Chelle Summer

golfer

When Things Fall Together

Michelle Rusk

I suck at golf.

Really, that's the best way to put it. And quite honestly, as much as I've dreamed about being someone who can magically glide across a dance floor without a lesson or play tennis so well that I could be a top player, the reality is far from that in everything that I do.

The only reason I can write well is because I've been at it since I was six years old and learned to write. I've talked before about the little books I started to create in first grade and the novel I began to write in high school (which still exists although not in any published form). And I read, read, and then I read more– because there is a correlation between reading and writing well. 

Running was much the same for me: I got somewhat good because I worked at it. And from running came a multitude of lessons, like how to set and achieve goals. Those I parlayed into everything else that I have achieved.

When I took up golf exactly five years ago, I knew it would be a challenge for me. I am especially not good at any sport that involves a ball (hence, why I ran). And it has been a challenge. Now, the reality is that golf is always a challenge. It's supposed to be that way because it's like the Great Pumpkin.
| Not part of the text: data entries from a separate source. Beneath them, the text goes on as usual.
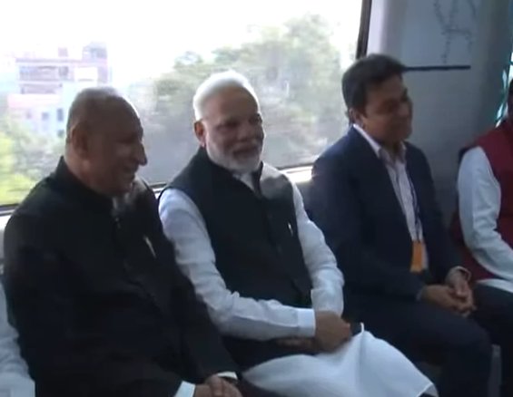 PM Shri @narendramodi take a ride in the newly inaugurated Hyderabad Metro. LIVE at https://t.co/STIUGNc7K7 pic.twitter.com/KlxkzqPFkp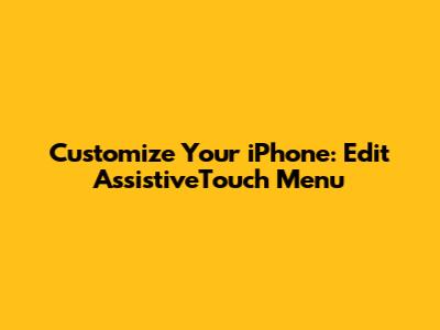 Customize Your IPhone: Edit AssistiveTouch Menu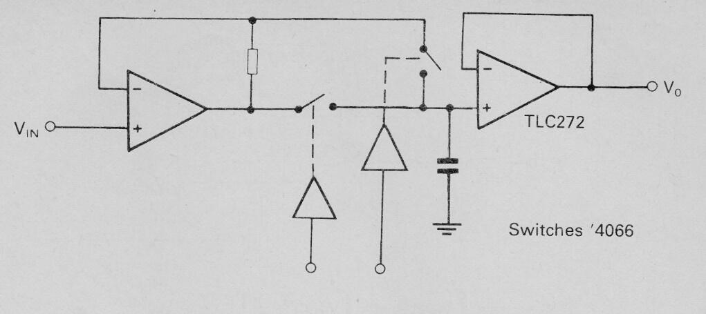 Este circuito se encontró en el Linear Circuits Applications de Texas Instruments, originalmente usando el amplificador operacional doble con FET TLC272, pero se puede implementar con equivalentes como el CA3140. La fuente de alimentación debe ser simétrica. El capacitor sin valor depende de la frecuencia de muestreo y puede asumir valores típicos entre 10 nF y 1 uF.

We, like Linus, spend our entire lives hoping for perfection in hitting the ball while Linus is still waiting for the Great Pumpkin.

As I wrote recently, returning to the driving range was part of my Lenten journey– one of which I did have a priest's blessing to do because he understands the importance of taking care of our physical selves. Out to the driving range I went and purchased not the large bucket of balls, but instead the jumbo.
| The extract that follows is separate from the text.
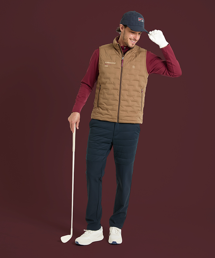 防風機能と蓄熱保温機能を備えた冬のゴルフに最適な中綿アウターベスト。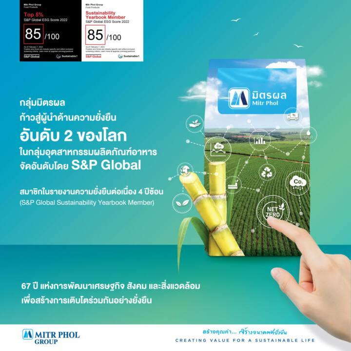 กลุ่มมิตรผล ผู้นำด้านการพัฒนาเพื่อความยั่งยืนในภาคเกษตรอุตสาหกรรมของประเทศไทย ก้าวสู่อันดับที่ 2 ของโลก ด้านการพัฒนาเพื่อความยั่งยืน (Sustainable Development) ในกลุ่มอุตสาหกรรมผลิตภัณฑ์อาหาร จากผลการประเมินด้านความยั่งยืนขององค์กร หรือ Corporate Sustainability Assessment (CSA) โดย S&P Global ต่อเนื่องเป็นปีที่ 5 โดยสามารถสร้างผลงานยอดเยี่ยมและไต่อันดับสูงขึ้นเรื่อยมา จากอันดับ 17 ในการเข้าร่วมประเมินปีแรกจนมาถึงอันดับ 2 ในปัจจุบัน จาก 353 องค์กรที่เข้าร่วมประเมิน ครองอันดับ TOP 5% S&P Global ESG Score 2022 และได้รับเลือกเป็นสมาชิกในรายงานความยั่งยืน “The Sustainability Yearbook Member” 4 ปีซ้อน นับเป็น อีกหนึ่งบทพิสูจน์ความสำเร็จของกลุ่มมิตรผลตลอดระยะเวลากว่า 67 ปี เพื่อสร้างองค์กรแห่งการพัฒนาเพื่อความยั่งยืนที่มีมาตรฐานและเป็นที่ยอมรับในระดับสากล ทั้งทางด้านเศรษฐกิจ สังคม และสิ่งแวดล้อม เพื่ออนาคตที่ยั่งยืนแก่ทุกภาคส่วน

Crazy? Nope, not in the least. I knew I wouldn't get anywhere without practice.

But that's where a funny thing happened. I admit that sometimes I miss the ball. It's worse than hitting a bad ball, but it's always been a struggle for me to even catch what's thrown to me so this hasn't been a surprise in my mind. I'd rather hit something into the sand than not hit it at all. 

And yet when I went to hit that first day on the range this spring I felt when my stance was wrong and I would miss the balls. I can't fully explain it, yet something was different. It was as if something inside my mind– that bridges my mind with the movements of my body– finally made a connection five years later.
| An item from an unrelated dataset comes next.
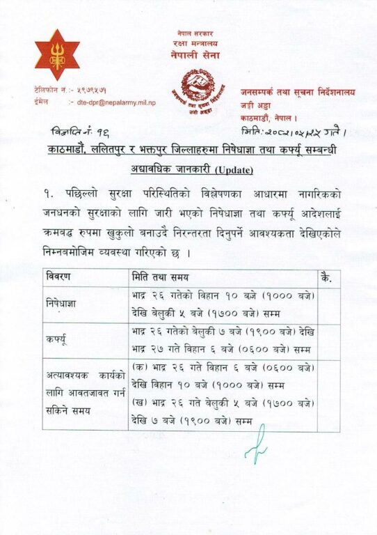 सैनिक जनसम्पर्क तथा सूचना निर्देशनालयका अनुसार निषेधाज्ञा भदौ २६ गतेको बिहान १० देखि बेलुकी ५ बजेसम्म लागू हुनेछ । कर्फ्यू भने भदौ २६ गते बेलुकी ७ बजेदेखि भदौ २७ गते बिहान ६ बजेसम्मका लागि जारी गरिएको छ ।

Then yesterday on another return to the range, I took some time on the putting green and felt the same exact feeling. Some little piece had fallen together. Two puzzle pieces finally found where they interlocked.

Greg and I were discussing on our way home from the range yesterday my challenge with the serger (a type of sewing machine that allows one to make factory-looking seams). I had been making a skort yesterday and it was taking forever because there is a learning curve to not just using it, but also threading it. He reminded me that eventually it will pay off, that it will be easier, that making a skort will be a piece of cake.

But for now it's like golf and everything else I've done: I keep at it even in the face of irritation when it's not going right.

And I'm sure it doesn't hurt that I made the driving range part of my Lenten journey: getting a little help from above is never a bad thing.